No pretendo y llevo tiempo sin hacerlo, lograr un juicio unánime ante mi trabajo, dado que eso, además de imposible, tampoco me ayudaría a crecer como profesional. Muy distinto es que tener que soportar los desprecios de quienes, primero, se autodenominan defensores de algo y, a reglón seguido, desprecian tu trabajo, porque o no les gusta el tema o consideran que no hace falta explicar y/ o detallar las cosas allí expuestas ante el argumento ¿Quién se va a leer todo eso?

Ello parte, como ya dije anteriormente, de su incapacidad por ver más allá de sus narices, pero, créanme, basta salir de tú país para darte cuenta que las habas no son las mismas en todos sitios, aunque puedan saber igual.

El mismo día en el que inauguraba mi primera exposición en Helsinki, un airado –y un tanto torticero visitante, debo añadir- me criticó duramente porque no había podido encontrar ningún texto en la exposición. Su crítica, teñida de cierto resentimiento por no encontrar aquello que él quería ver o que no supo encontrar, era cierta. Al día siguiente la exposición contó con 165 cartelas de texto y una docena de textos mayores de una páginas, además de una carpeta con una veintena de textos para quien quisiera conocer más de cerca los temas allí expuestos.

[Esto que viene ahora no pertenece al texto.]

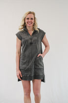 This sleeveless mock-neck dress boasts a unique high-low hem and convenient pockets, making it perfect for any occasion. Made with a lightweight, non-sheer knit, it's both comfortable and chic. Who says you can't have it all?!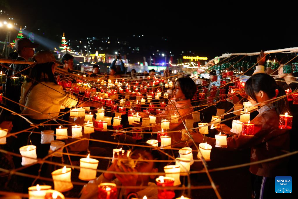 People attach small lanterns to a hot-air balloon during the Taunggyi Hot-Air Balloon Festival in Taunggyi, Shan state, Myanmar, Oct. 31, 2025. (Xinhua/Myo Kyaw Soe)

¿Les parecen muchos?... Pues les puedo asegurar que no, porque fueron muchos los visitantes que se leyeron los textos, las cartelas y, luego, entraron en la página web o en la página de Facebook y continuaron leyendo los diferentes post que, durante dos meses y medio, se han ido incorporando hasta la finalización del evento. Y las más de 15.000 lecturas son una buena muestra de mis palabras, además de desbaratar el postulado de los petulantes que piensan que un visitante es incapaz de leerse un texto mientras acude a una exposición, dado que no tiene ni tiempo, ni ganas, tal y como me comentó un compañero de viaje, durante el último evento en el que trabajé en España.

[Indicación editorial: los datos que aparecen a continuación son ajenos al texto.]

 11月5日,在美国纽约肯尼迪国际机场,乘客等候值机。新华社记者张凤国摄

Sea como fuere, ésta ha sido la primera vez que alguien me ha recriminado que en la exposición no hubiera ningún tipo de textos, tras más de veinte años ejerciendo de comisario de exposición y/o chico para todo, según sea el caso. Atrás quedan las arengas blogueras de quienes, como el pasado verano, me tacharon de todo por organizar una exposición con 16 paneles de texto y cierto rigor histórico, en vez de llenar las paredes con media docena de originales y dos vitrinas con sendas estatuas ultra-exclusivas, “divinas de la muerte ellas”.

Por extraño que parezca, resulta refrescante no estar tratando con una panda de ignorantes –aunque aquí también los hay, y de qué clase- y, por una vez, alguien te recrimine no hacer bien tu trabajo, esto es dar la mayor y mejor información posible y ser serio, riguroso y exhaustivo.

No obstante, sé que el equivocado soy yo y son los demás los que tienen la razón y siempre lo hacen todo, TODO bien… ¿O no es así?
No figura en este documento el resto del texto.